ASSIGNED TASK – The line containing "生活面を象徴する運勢です。外", plus every line that follows it to the end of the listing below, is what you transcribe exactly; omit all pictures.

LISTED RECORDS –
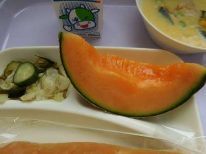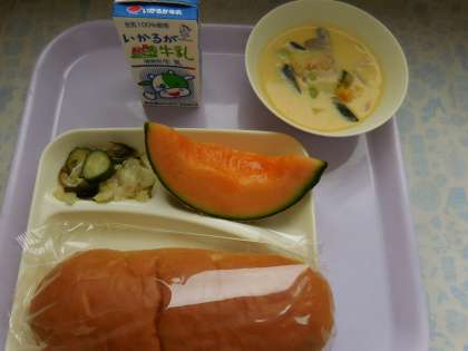 6月4日(金)の給食はかぼちゃのクリームシチュー、ミックス海そうサラダ、クインシーメロン、パン、牛乳です。はかぼちゃのクリームシチューは鶏肉、たまねぎ、ベーコン、かぼちゃ、むきえだまめ、マッシュルームが入っています。ミックス海そうサラダはキャベツ、きゅうり、ミックス海そうが入っています。クインシーメロンは大人気でした。おいしかったです。ごちそうさまでした。
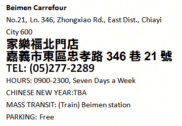 Carrefour Chiayi Ja La Foo -- accepts Visa, Mastercard and American Express. Refunds available in 7, 10 or 30 days depending on the store. Chiayi Chiayi City Beimen back to list back to list Articles Home Next Article
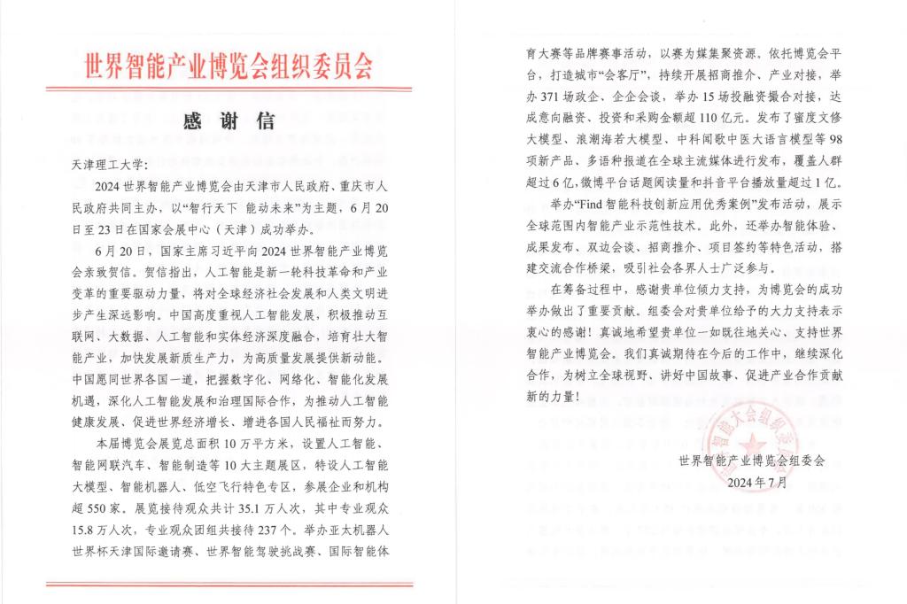近日,學校收到世界智能產業博覽會組委會的感謝信,信中對我校在博覽會舉辦過程中所給予的支持表示感謝。
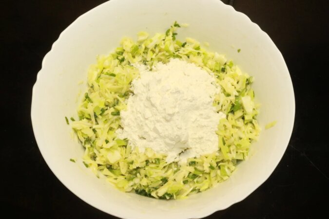 Ziemniaki ścieram na grubej tarce, kapustę drobno siekam, w tym przypadku użyłam młodej, jeśli biorę twardą kapustę, to zalewam ją wrzątkiem na kilka minut. Posiekaną kapustę wkładam do miski z ziemniakami, dodaję jajka, zioła do smaku (mam zieloną cebulkę i pietruszkę), śmietanę lub kefir, sól i pieprz.
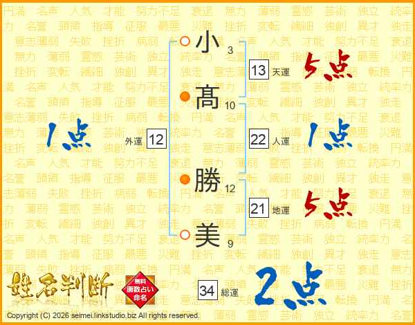 生活面を象徴する運勢です。外部から受ける影響力を表し、結婚運、家庭運や職場、環境への順応性を表します。総運から人運を引いた画数。姓や名が1文字の場合を除く。
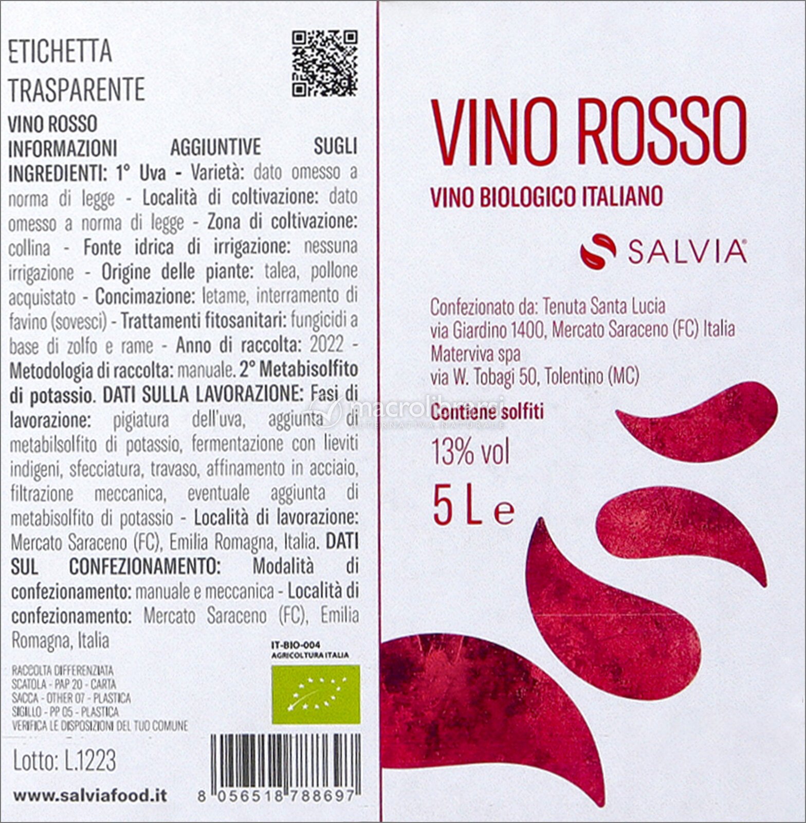 Tutti i prodotti di Salvia sono accompagnati dall'Etichetta Trasparente, ovvero, da un'etichetta che riporta le informazioni relative all’origine e alle caratteristiche delle materie prime, alle lavorazioni, al confezionamento, per:

RESPONSE AREA –
 生活面を象徴する運勢です。外部から受ける影響力を表し、結婚運、家庭運や職場、環境への順応性を表します。総運から人運を引いた画数。姓や名が1文字の場合を除く。
 Tutti i prodotti di Salvia sono accompagnati dall'Etichetta Trasparente, ovvero, da un'etichetta che riporta le informazioni relative all’origine e alle caratteristiche delle materie prime, alle lavorazioni, al confezionamento, per:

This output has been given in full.